What this task involves:
Please give the lines below again exactly as they stand, from the one that contains "年方二十的沈芯菱架設的「草根" up to and including the one that contains "Verleihen Sie Ihrem", leaving all pictures out.

Data shown:
● ● ● ● ●

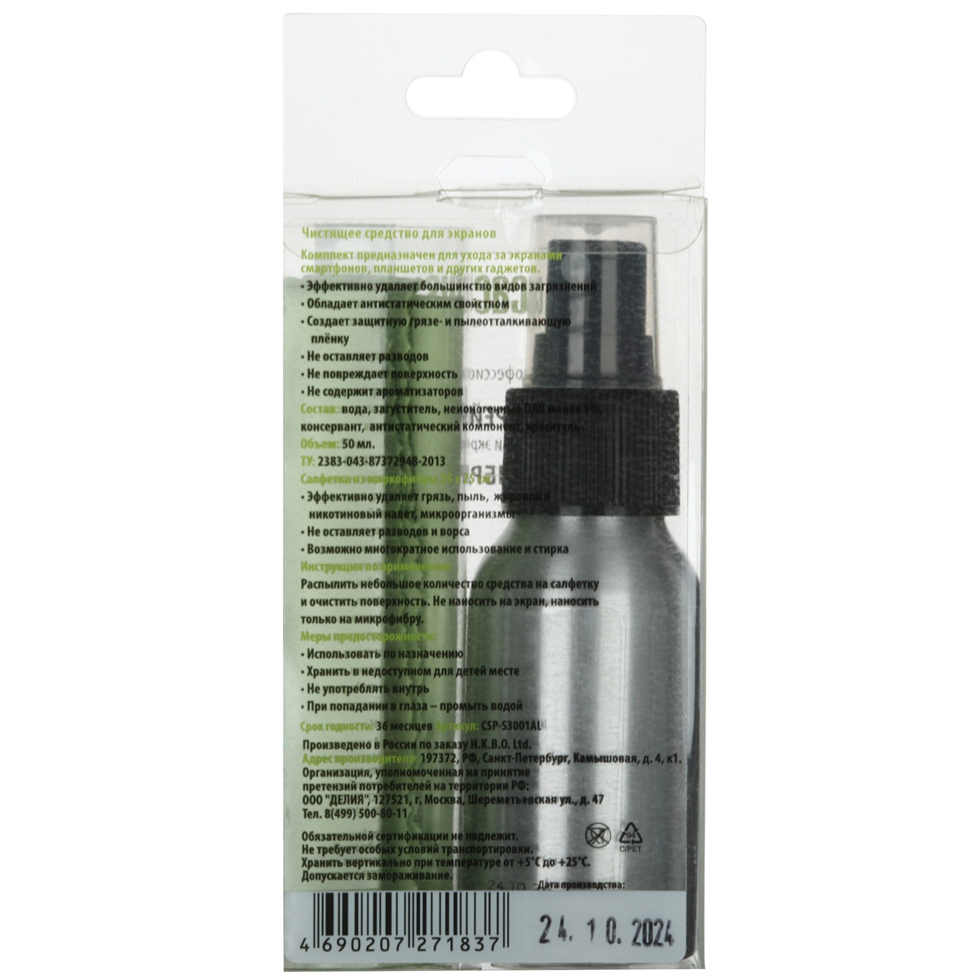 Набор Cactus CSP-S3001AL включает в себя спрей и сухую салфетку 25x25 см из полиамида и полиэстера. Комплект предназначен для очистки оптических поверхностей и экранов. В составе спрея – антистатический компонент, вода, загуститель, консервант и краситель. После применения набора Cactus CSP-S3001AL на поверхности не остается разводов.
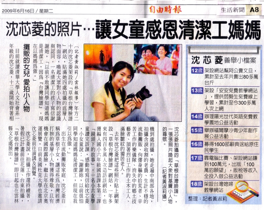 年方二十的沈芯菱架設的「草根台灣臉譜」網站,貼滿她四處拍攝的底層人物面容,喚起大眾對小人物的認識與認同。一名清潔工的孩子寫信謝謝她,「以前不敢讓同學知道媽媽是清潔工,因為『台灣臉譜』,現在以媽媽為傲。」
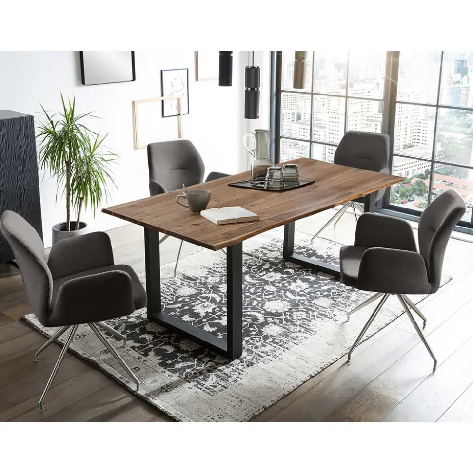 Verleihen Sie Ihrem Essbereich eine charaktervolle Note mit dem Esstisch-Set „Valbera“. Die Kombination aus hochwertigem Akazienholz, kühlem Metall und strapazierfähigem Strukturstoff vereint rustikale Natürlichkeit mit industriellem Charme. Die warme Walnuss-Braun-Tönung der massiven Tischplatte und das tiefdunkle Gestell setzen markante Akzente, während die dunkelgrauen Drehstühle mit ihrer bequemen Polsterung und durchdachten Ergonomie für höchsten Komfort sorgen. Dieses Set ist nicht nur ein Blickfang, sondern auch ein funktionales Highlight für stilbewusste Genießer.
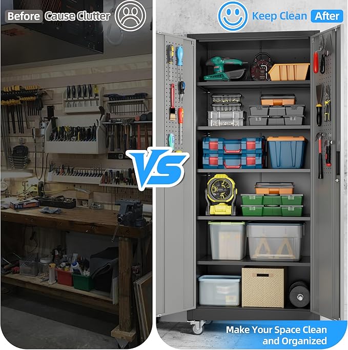 • Ample & Flexible Storage Solutions: Maximize organization with 5 adjustable shelves (customizable height) and pegboard on both doors, paired with 4 hooks for hanging tools, accessories, or gear. This design of the garage storage cabinet with wheels adapts to your needs, whether storing heavy-duty items or small essentials;

● ● ● ● ●

Output of the task:
 年方二十的沈芯菱架設的「草根台灣臉譜」網站,貼滿她四處拍攝的底層人物面容,喚起大眾對小人物的認識與認同。一名清潔工的孩子寫信謝謝她,「以前不敢讓同學知道媽媽是清潔工,因為『台灣臉譜』,現在以媽媽為傲。」
 Verleihen Sie Ihrem Essbereich eine charaktervolle Note mit dem Esstisch-Set „Valbera“. Die Kombination aus hochwertigem Akazienholz, kühlem Metall und strapazierfähigem Strukturstoff vereint rustikale Natürlichkeit mit industriellem Charme. Die warme Walnuss-Braun-Tönung der massiven Tischplatte und das tiefdunkle Gestell setzen markante Akzente, während die dunkelgrauen Drehstühle mit ihrer bequemen Polsterung und durchdachten Ergonomie für höchsten Komfort sorgen. Dieses Set ist nicht nur ein Blickfang, sondern auch ein funktionales Highlight für stilbewusste Genießer.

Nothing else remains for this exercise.